* _WHAT YOU SHOULD DO_
The lines from the one holding "여기에서는 제가 일러스트에서" through the end of the records below are to be written out exactly, and nothing else; pictures are to be left out.

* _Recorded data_
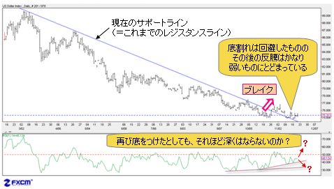 ドルインデックスは底割れを回避したものの、その後の反騰が、かなり弱いものにとどまっていることも事実だ。
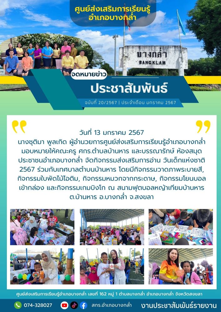 ศูนย์ สกร.ระดับอำเภอบางกล่ำ วันที่ 13 มกราคม 2567 นางชุติมา พูลเกิด ผู้อำนวยการศูนย์ส่งเสริมการเรียนรู้อำเภอบางกล่ำ มอบหมายให้คณะครู ศกร.ตำบลบ้านหาร และบรรณารักษ์ ห้องสมุดประชาชนอำเภอบางกล่ำ จัดกิจกรรมส่งเสริมการอ่าน วันเด็กแห่งชาติ 2567 ร่วมกับเทศบาลตำบนบ้านหาร
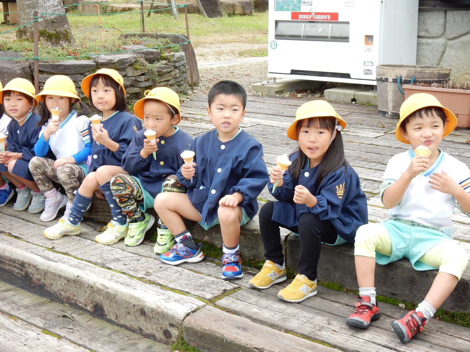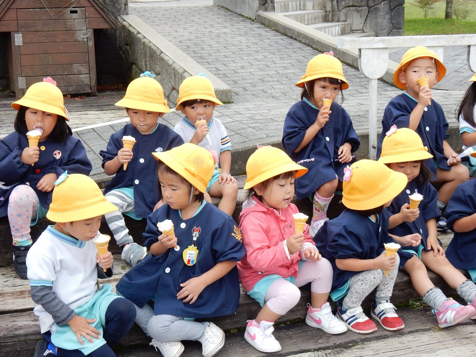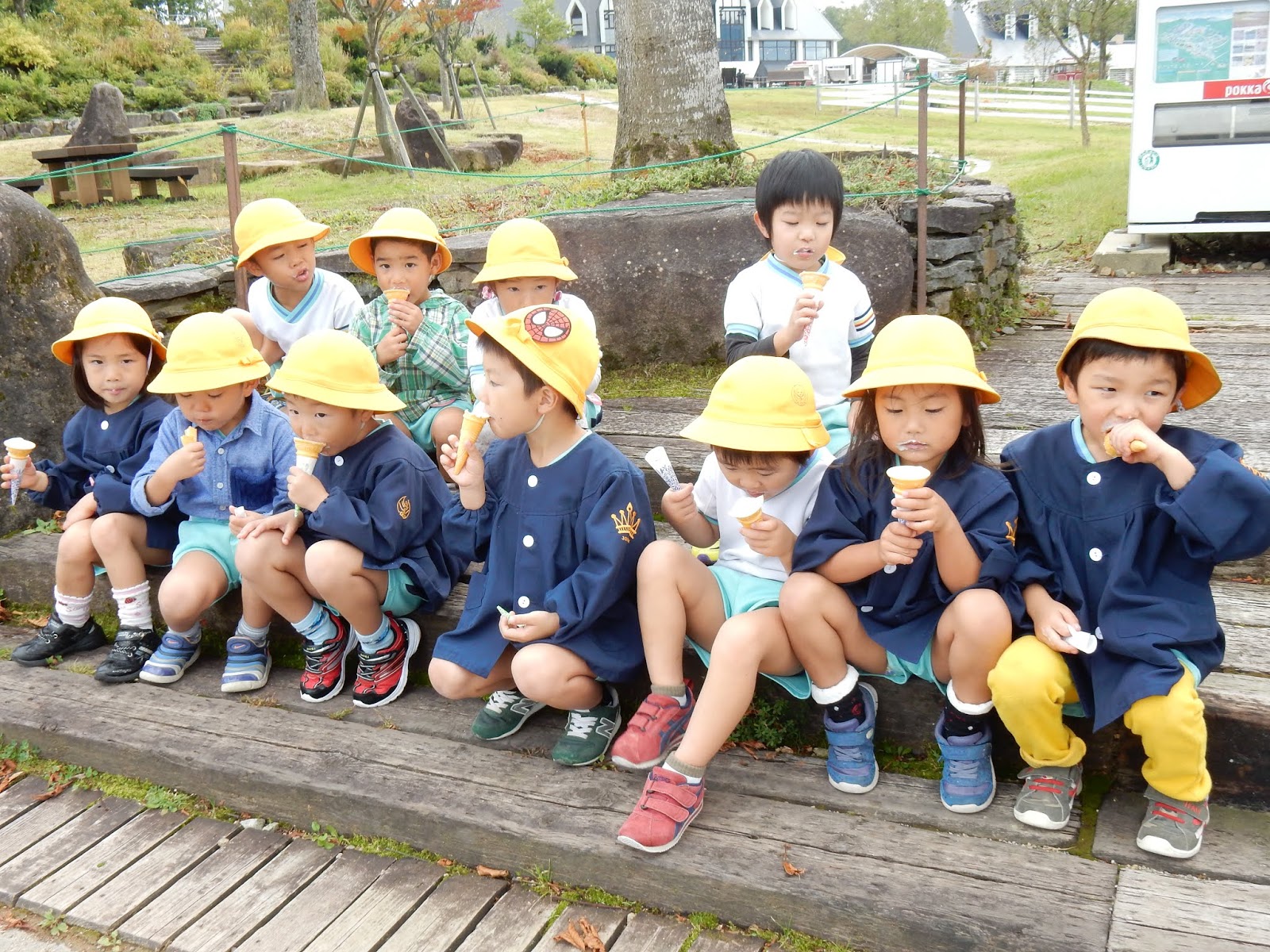おやつに食べたソフトクリームは、お弁当の後でしたが、みんなペロリと食べてしまいましたよ!お口の周りの真っ白なお髭も可愛らしいポイントです♪お昼寝をしに先に帰ってきたすみれさんや、ひよこさんも、おやつには牧歌の里で購入したヨーグルトをいただきました!
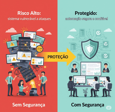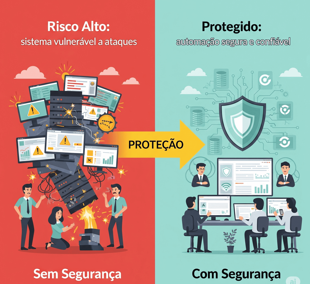 Descubra como manter sua empresa segura ao usar automação. Conheça os principais riscos e 5 práticas essenciais para proteger seus dados e processos.
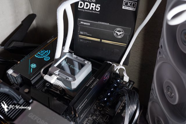 加貼 CKD 貼紙,CPU 散熱器使用一體式水冷;記憶體則是保持普通安裝外加風扇直吹協助
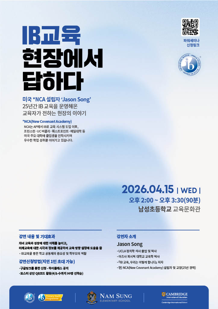 남성초등학교의 다양한 공식 발행물과 홍보자료를 한눈에 모아볼 수 있는 공간입니다. 학교 홍보영상, 브로슈어, 행사 포스터 등은 학생·학부모·동문 모두가 함께 공유하는 남성의 기록이자 이야기입니다. 연중 진행되는 학술 세미나, 올림픽, 나눔페어 등 교내 주요 행사와 더불어, 남성초등학교가 걸어온 발자취와 앞으로의 비전을 담은 자료들을 만나보세요.
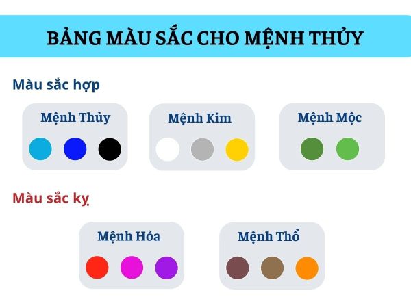 Màu bản mệnh: Là các màu thuộc hành Thủy, bao gồm đen, xanh nước biển, xanh dương,... Sử dụng các màu này sẽ giúp củng cố nội lực và giữ tâm trí luôn thông suốt.
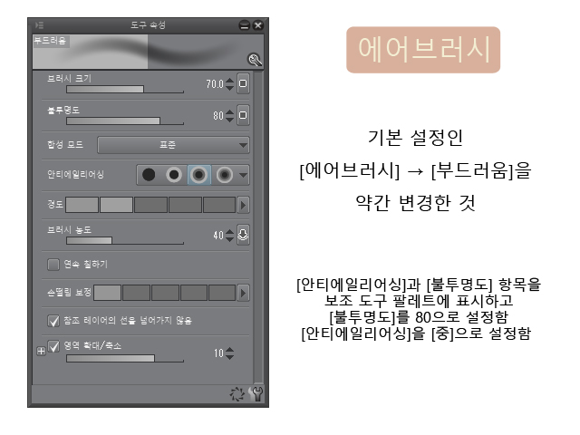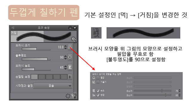 여기에서는 제가 일러스트에서 사용한 브러시 설정과 칠하는 법을 몇 가지 소개하겠습니다.
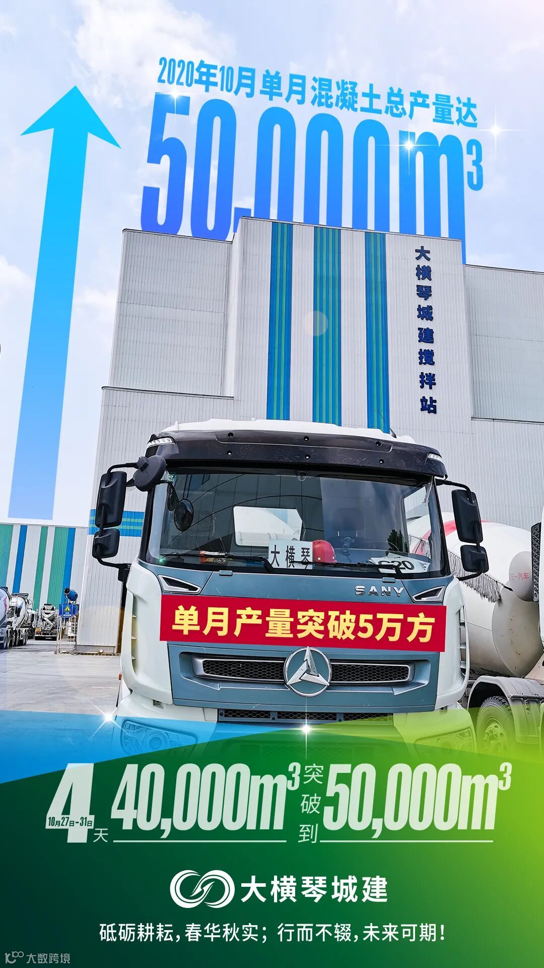 喜讯|祝贺大横琴城建搅拌站10月单月产量突破5万方!
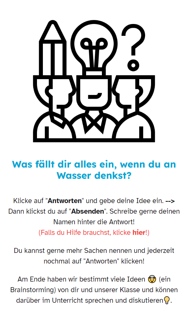 Um das Vorwissen der Schülerinnen und Schüler zu aktivieren, können Sie bei jedem Thema zunächst ein Brainstorming in Form einer Wortwolke, einer Mindmap oder einer kleinen Umfrage durchführen. Digitale Apps eignen sich ebenfalls gut für diese Phase.
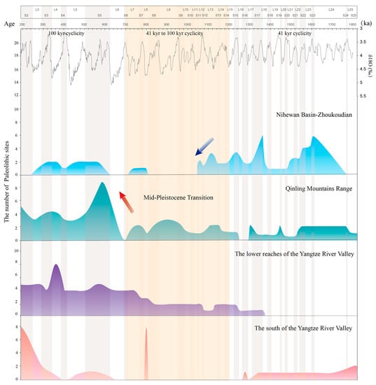 The tendencies of the number of Paleolithic sites in four early human gathering areas of China during the Early and Middle Pleistocene. Note: These four areas include Nihewan Basin-Zhoukoudian, Qinling Mountains Range, the lower reaches of the Yangtze River Valley, and the south of the Yangtze River Valley. We highlight the Mid-Pleistocene Transition with an orange vertical bar. The chronological data for all these sites are shown in Table 1.
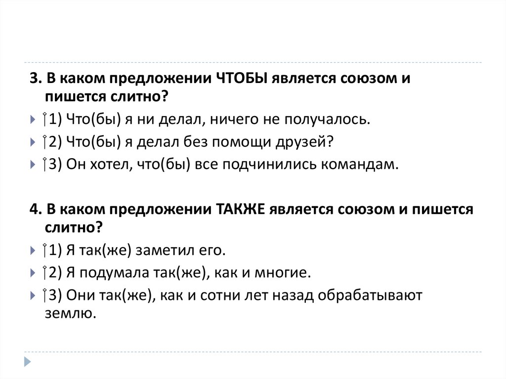 3. В каком предложении ЧТОБЫ является союзом ипишется слитно?

* _RESPONSE TO THE TASK_
 여기에서는 제가 일러스트에서 사용한 브러시 설정과 칠하는 법을 몇 가지 소개하겠습니다.
 喜讯|祝贺大横琴城建搅拌站10月单月产量突破5万方!
 Um das Vorwissen der Schülerinnen und Schüler zu aktivieren, können Sie bei jedem Thema zunächst ein Brainstorming in Form einer Wortwolke, einer Mindmap oder einer kleinen Umfrage durchführen. Digitale Apps eignen sich ebenfalls gut für diese Phase.
 The tendencies of the number of Paleolithic sites in four early human gathering areas of China during the Early and Middle Pleistocene. Note: These four areas include Nihewan Basin-Zhoukoudian, Qinling Mountains Range, the lower reaches of the Yangtze River Valley, and the south of the Yangtze River Valley. We highlight the Mid-Pleistocene Transition with an orange vertical bar. The chronological data for all these sites are shown in Table 1.
 3. В каком предложении ЧТОБЫ является союзом ипишется слитно?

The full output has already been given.